Essa é basicamente nossa proposta para a repressão da “Fraude Paternal” no campo do Direito Penal, não sendo admissível a atual situação de atipicidade que deixa sem proteção legal o homem gravemente lesado com essa espécie de conduta.

5 – FRAUDE PATERNAL E DIREITO CIVIL

Como já visto, também a situação do homem enganado na “Fraude de Paternidade” não é nem um pouco ideal na legislação comparada e no Direito Brasileiro no campo Civil.

Já foram expostas várias legislações e decisões judiciais altamente prejudiciais ao homem lesado no Direito estrangeiro, compondo-se um verdadeiro quadro de vitimização secundária inadmissível e obviamente injusta. Segundo Beristáin, a vitimização secundária “emana de respostas formais ou informais obtidas pela vítima”, cujo quadro de omissão e desprezo já exposto quanto à situação do homem diante da “Fraude Paternal” não deixa dúvidas sobre sua ocorrência patente.

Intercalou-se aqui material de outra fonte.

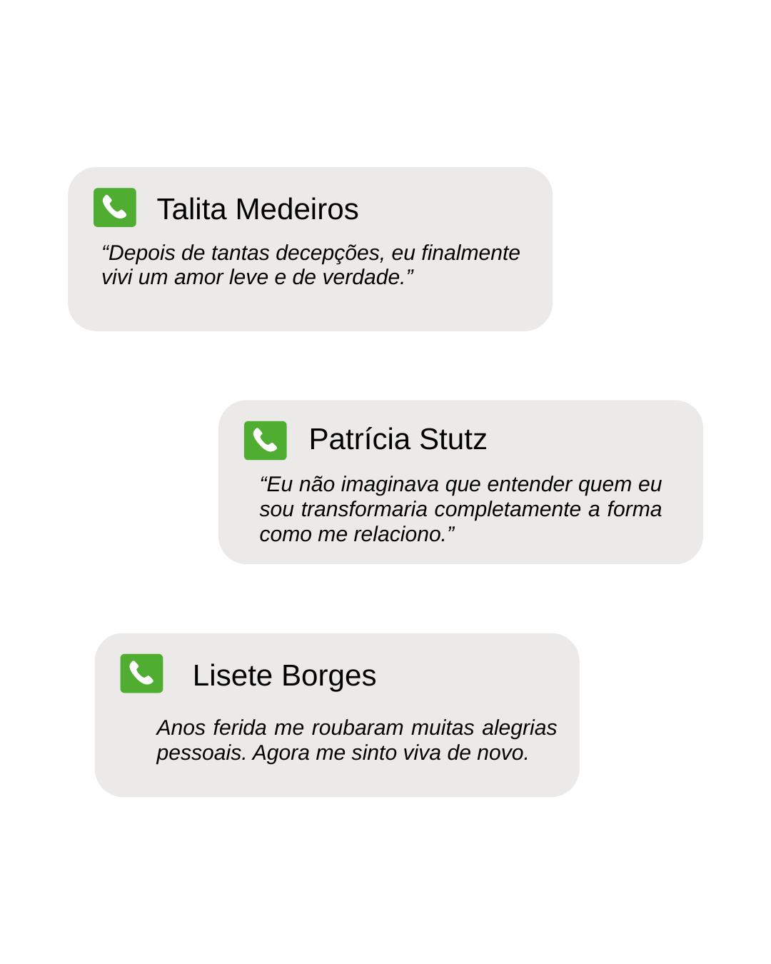 Com um investimento de R$1.000,00, você inicia uma jornada que vai muito além de conselhos sobre relacionamentos — é um processo de reconstrução interior, guiado passo a passo, com acompanhamento individual e confidencial.

Em regra se tem considerado que os alimentos pagos não admitem a repetição do indébito. Essa conclusão se encontra em consonância com uma das características do direito a alimentos, conforme expõe a doutrina, qual seja, a sua condição de “irrepetível ou irrestituível”. Essa irrepetibilidade dos alimentos se espraia pelos alimentos provisórios ou provisionais, gravídicos e definitivos. Gonçalves, trazendo à baila o escólio de Pontes de Miranda, chama a atenção para o fato de que os alimentos recebidos “não se restituem”, mesmo quando o “alimentário” venha a perder a ação na mesma instância ou em grau recursal. Não obstante, o mesmo autor, com razoabilidade, procura obtemperar a irrepetibilidade, impondo-lhe o limite do “dolo” na obtenção dos alimentos, o que se coaduna perfeitamente com o caso da “Fraude Paternal”. Nesses casos é preciso deixar bem estabelecido que os alimentos são sim passíveis de repetição do indébito. Diante dessas situações onde a má – fé é evidente não é possível emprestar caráter absoluto à irrepetibilidade, sob pena de ensejar enriquecimento ilícito e prejudicar o homem enganado por uma interpretação eivada de “insuficiência protetiva” no campo civil.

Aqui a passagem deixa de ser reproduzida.